Task inputs -
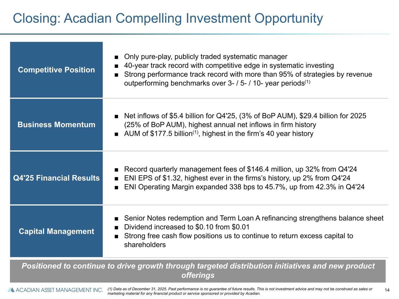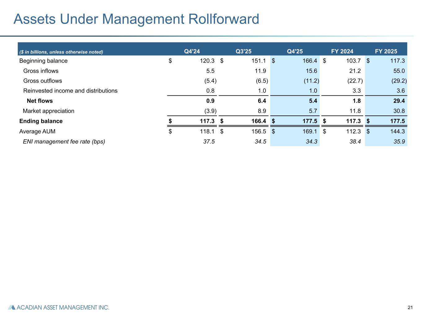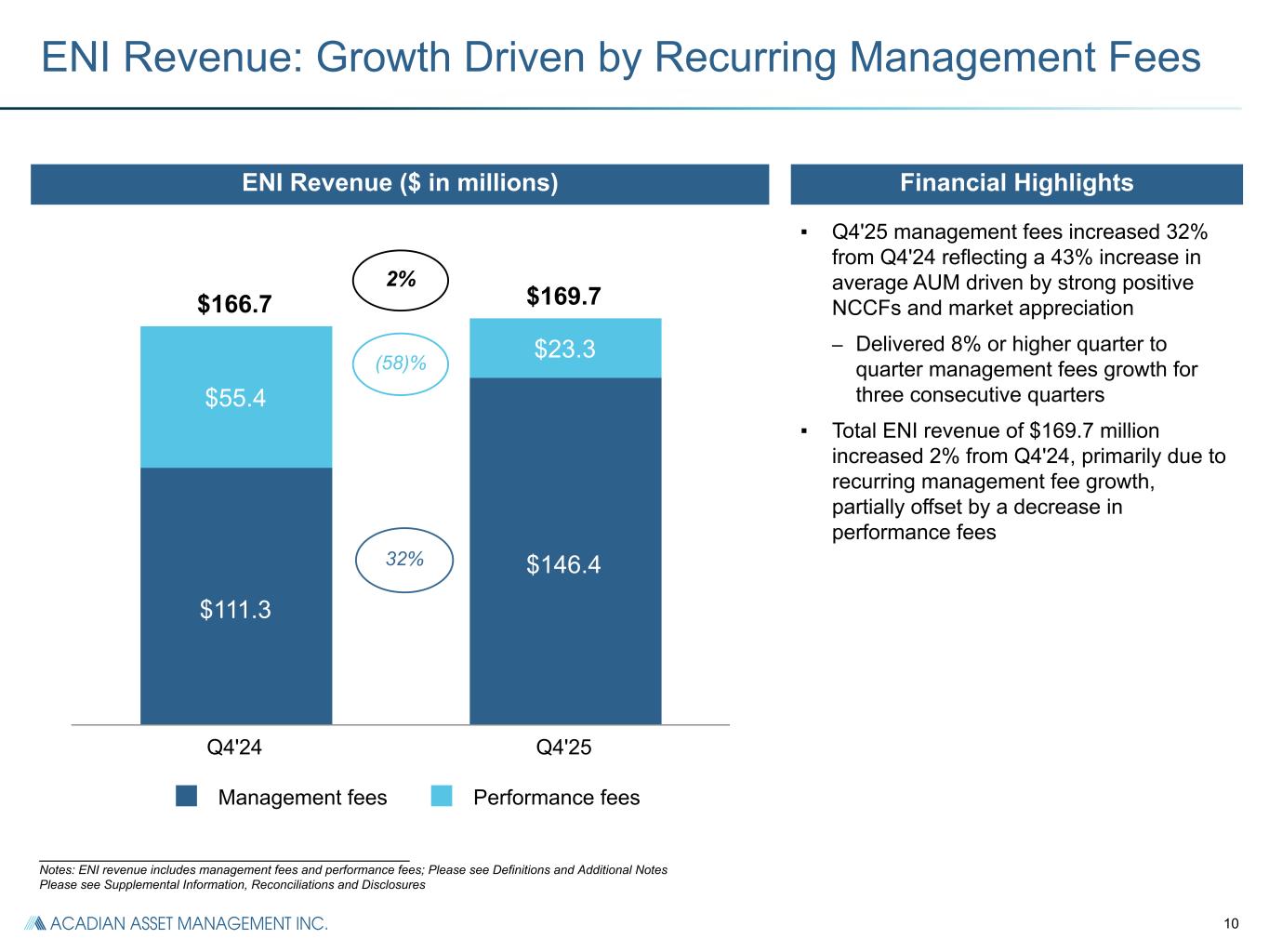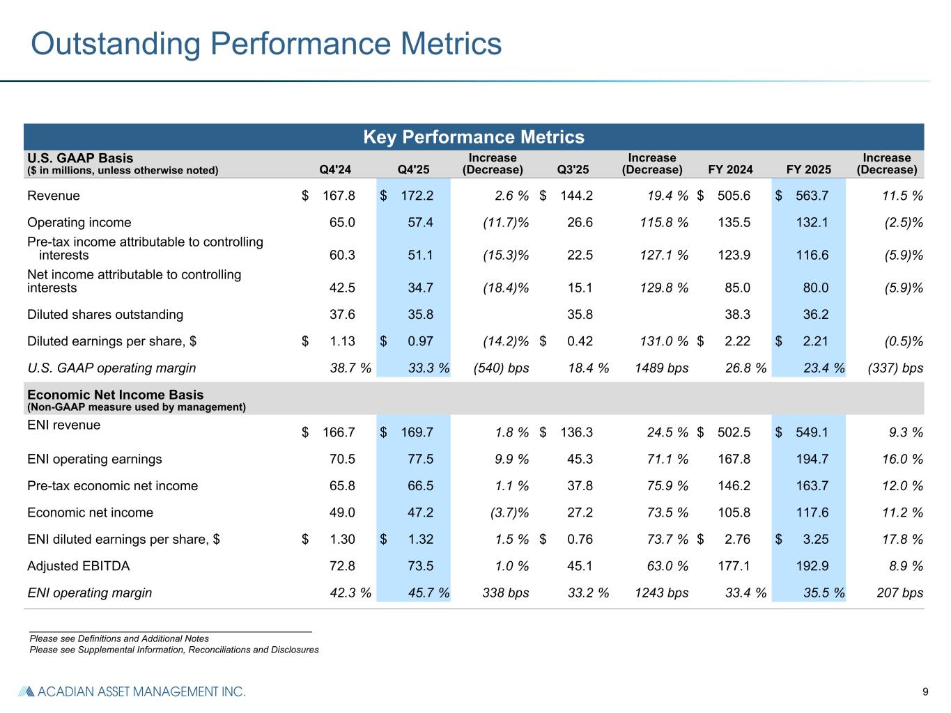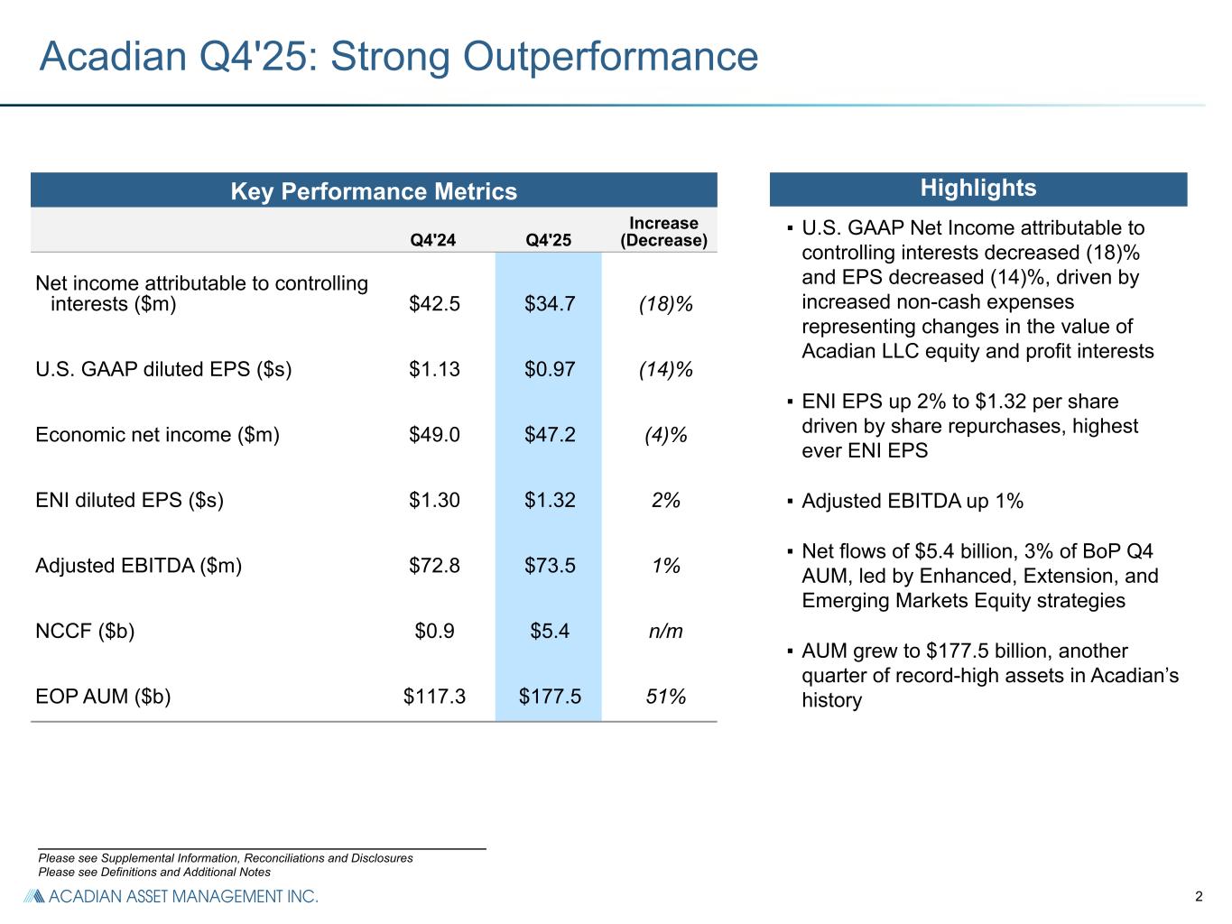 25 Segment Reconciliation ($ in millions) Q4'24 Q4'25 Q3'25 FY 2024 FY 2025 U.S. GAAP Consolidated Revenue $ 167.8 $ 172.2 $ 144.2 $ 505.6 $ 563.7 Exclude revenue from consolidated Funds (a) 1.1 2.5 7.9 3.1 14.6 Quant & Solutions Segment ENI Revenue 166.7 169.7 136.3 502.5 549.1 Quant & Solutions Segment ENI Expenses Fixed compensation and benefits (b) 23.8 23.4 26.4 90.7 96.1 Variable compensation (c) 38.1 30.5 31.1 119.9 121.8 Acadian LLC key employee distributions (d) 2.3 9.1 5.2 9.7 21.4 Depreciation and amortization (e) 4.4 4.1 4.1 18.1 16.6 Other segment items (f) 25.2 29.4 25.3 87.9 101.6 Segment ENI $ 72.9 $ 73.2 $ 44.2 $ 176.2 $ 191.6 Reconciliation of segment ENI to net income attributable to controlling interests: Unallocated Corporate expenses (g) (5.1) (4.8) (4.2) (19.4) (18.3) Adjustments and reconciling items (h) 0.8 1.0 2.9 1.9 6.5 Non-cash compensation expenses for Acadian LLC key employee equity and profit interest revaluations (i) (3.6) (12.0) (16.3) (23.2) (47.7) Investment income (loss) (0.3) (0.2) — 2.2 (0.1) Interest income 0.7 0.9 0.9 3.5 3.7 Interest expense (4.4) (7.0) (4.6) (19.4) (21.7) Loss on extinguishment of debt — (1.4) — — (1.4) Net consolidated funds' investment gains (losses) (2.6) 3.4 11.5 3.9 30.6 Income before Income Taxes $ 58.4 $ 53.1 $ 34.4 $ 125.7 $ 143.2 Income tax expense (17.8) (16.4) (7.4) (38.9) (36.6) Consolidated Net Income $ 40.6 $ 36.7 $ 27.0 $ 86.8 $ 106.6 Net income attributable to non-controlling interests in consolidated Funds 1.9 (2.0) (11.9) (1.8) (26.6) Net income attributable to controlling interests $ 42.5 $ 34.7 $ 15.1 $ 85.0 $ 80.0 (a) Adjusted to exclude consolidated Funds revenues which are included in U.S. GAAP revenue. (b) Fixed compensation and benefits includes base salaries, payroll taxes and the cost of benefit programs provided. (c) Variable compensation is contractually set and calculated individually for Acadian LLC bonuses, adjusted for non-cash Acadian LLC key employee equity revaluations and severance relating to restructuring costs. (d) Acadian LLC key employee distributions includes the share of Acadian LLC profits after variable compensation that is attributable to the Acadian LLC key employee equity and profits interests holders, according to their ownership interests. (e) Depreciation and amortization includes US GAAP depreciation and amortization. (f) Other segment items includes segment systems, portfolio administration costs, sales commissions and other general & administrative expenses. (g) Unallocated corporate expenses include compensation and benefits of $2.8 million and general and administrative expenses of $2.3 million related to Hold Co which are reflected in U.S. GAAP net income attributable to controlling interests for Q4'24. Unallocated corporate expenses include compensation and benefits of $3.2 million and general and administrative expenses of $1.6 million related to Hold Co which are included in U.S. GAAP net income attributable to controlling interests for Q4'25. Unallocated corporate expenses include compensation and benefits of $2.7 million and general and administrative expenses of $1.5 million related to Hold Co which are included in U.S. GAAP net income attributable to controlling interests for Q3'25. Unallocated corporate expenses include compensation and benefits of $10.0 million and general and administrative expenses of $9.4 million related to Hold Co which are included in U.S. GAAP net income attributable to controlling interests for FY 2024. Unallocated corporate expenses include compensation and benefits of $10.9 million and general and administrative expenses of $7.4 million related to Hold Co which are included in U.S. GAAP net income attributable to controlling interests for FY 2025. (h) Adjustments and reconciling items includes consolidated Funds revenue and expense and restructuring costs. (i) Non-cash Acadian LLC key employee equity revaluations represent changes in the value of Acadian LLC equity and profit interests held by Acadian LLC key employees, which are included within U.S. GAAP compensation and benefits expense.
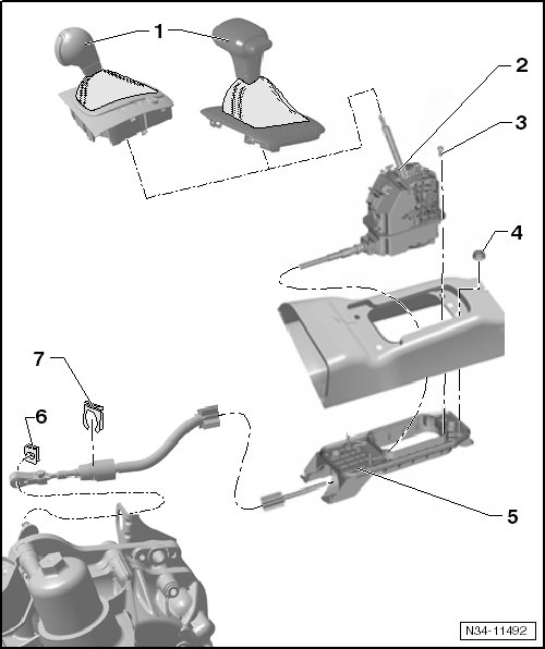 Removing and installing, refer to => [ Selector Lever and Mechanism with Cable, from 03.2009 ] Selector Lever and Mechanism With Cable, From 03.2009.
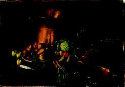 Tavola con frutta e verdura Table with fruit and vegetables 1949 (?), olio su cartone / oil on cardboard cm 73x104 ![]() |
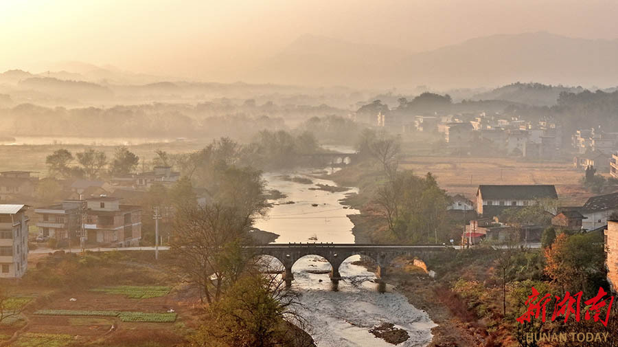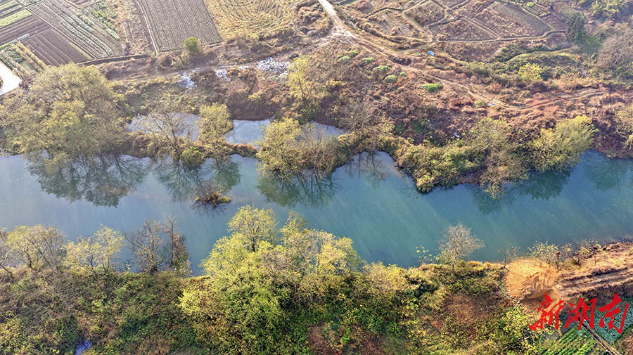 12月27日,常宁市三角塘镇,潭水河两岸彩叶与田园村落相映成趣,构成一幅美丽的乡村画卷。 刘东华 摄(湖南图片库)
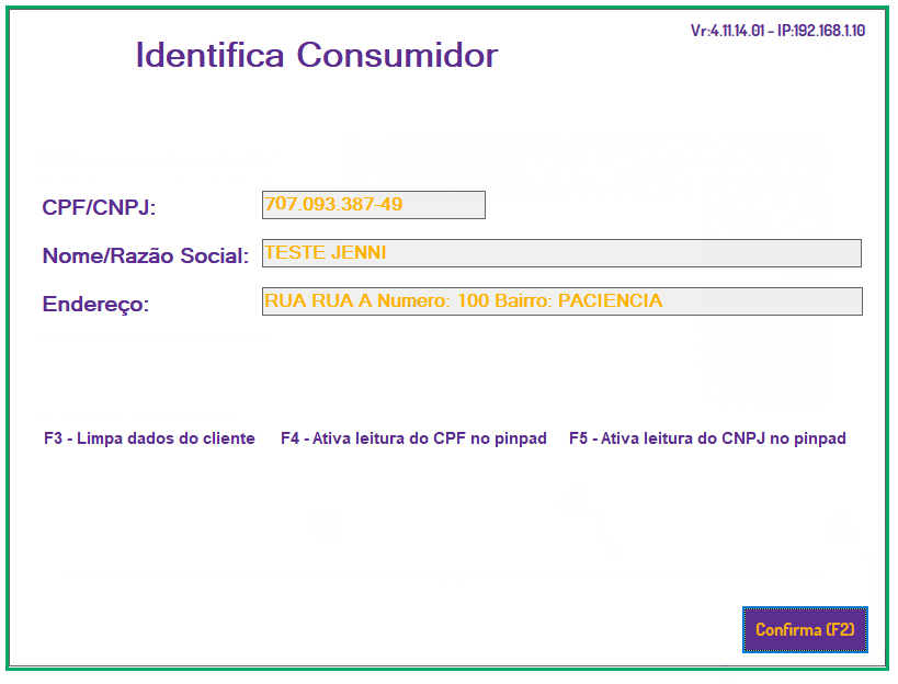 5. Identifique o consumidor e clique em Confirmar ou pressione a tecla F2.
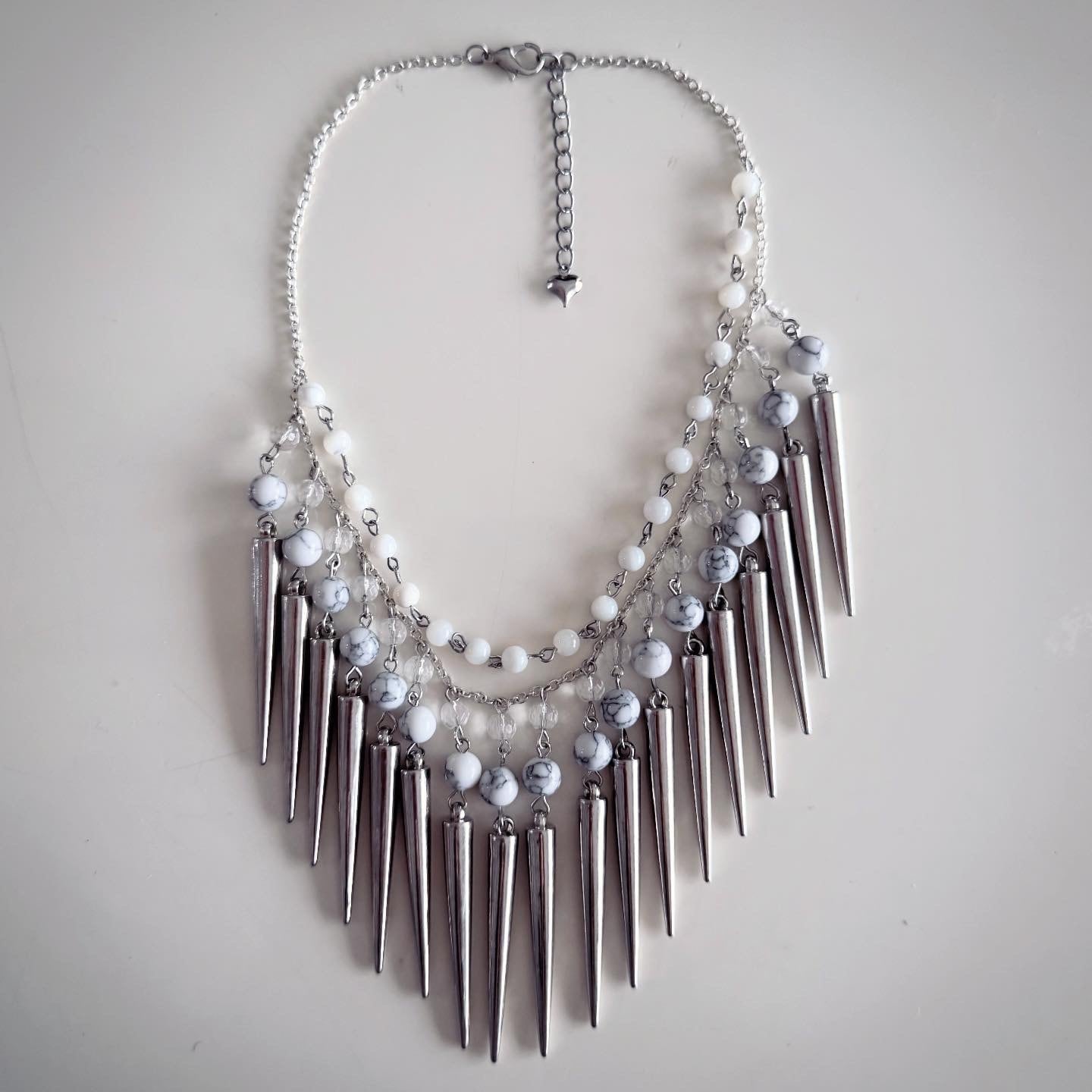 White turquoise, White howlite, Clear quartz, Shell, Brass, Stainless steel
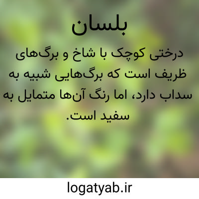 ( اسم ) ۱- گیاهی از تیر. سدابیان که بصورت درختچه است و دارای گلهای سفید می باشد. هم. اعضای این گیاه محتوی ماد. صمغی میباشند که در صورت خراش یا نیش حشرات این ماد. صمغی از آن خارج میشود درخت بلسان ابوشام بشام بلسم مکه درخت بلسان مکی بلسم اسرائیل مکه بلسن مکی بلسم اسرائیل مکه بلسن آغاجی بلسان آغاجی بلسان مکی شجره البلسم. توضیح دان. این گیاه را حب البلسان نیز گویند و بنام تخم بلسان تخم بلسان در تداوی مصرف میشود. ۲- بلسان نام عام هم. گیاهانی است که از آنها صمغ استخراج میشود. یا بلسان مکی. بلسان

Try it - The required result is an exact copy of the lines from the line containing "12月27日,常宁市三角塘镇,潭水河两岸彩叶与田园村落相映成趣,构成一幅美丽的乡村画卷。 刘东华 摄(湖南图片库)" through the end of the entries, with every picture left out.

Exercise response -
 12月27日,常宁市三角塘镇,潭水河两岸彩叶与田园村落相映成趣,构成一幅美丽的乡村画卷。 刘东华 摄(湖南图片库)
 5. Identifique o consumidor e clique em Confirmar ou pressione a tecla F2.
 White turquoise, White howlite, Clear quartz, Shell, Brass, Stainless steel
 ( اسم ) ۱- گیاهی از تیر. سدابیان که بصورت درختچه است و دارای گلهای سفید می باشد. هم. اعضای این گیاه محتوی ماد. صمغی میباشند که در صورت خراش یا نیش حشرات این ماد. صمغی از آن خارج میشود درخت بلسان ابوشام بشام بلسم مکه درخت بلسان مکی بلسم اسرائیل مکه بلسن مکی بلسم اسرائیل مکه بلسن آغاجی بلسان آغاجی بلسان مکی شجره البلسم. توضیح دان. این گیاه را حب البلسان نیز گویند و بنام تخم بلسان تخم بلسان در تداوی مصرف میشود. ۲- بلسان نام عام هم. گیاهانی است که از آنها صمغ استخراج میشود. یا بلسان مکی. بلسان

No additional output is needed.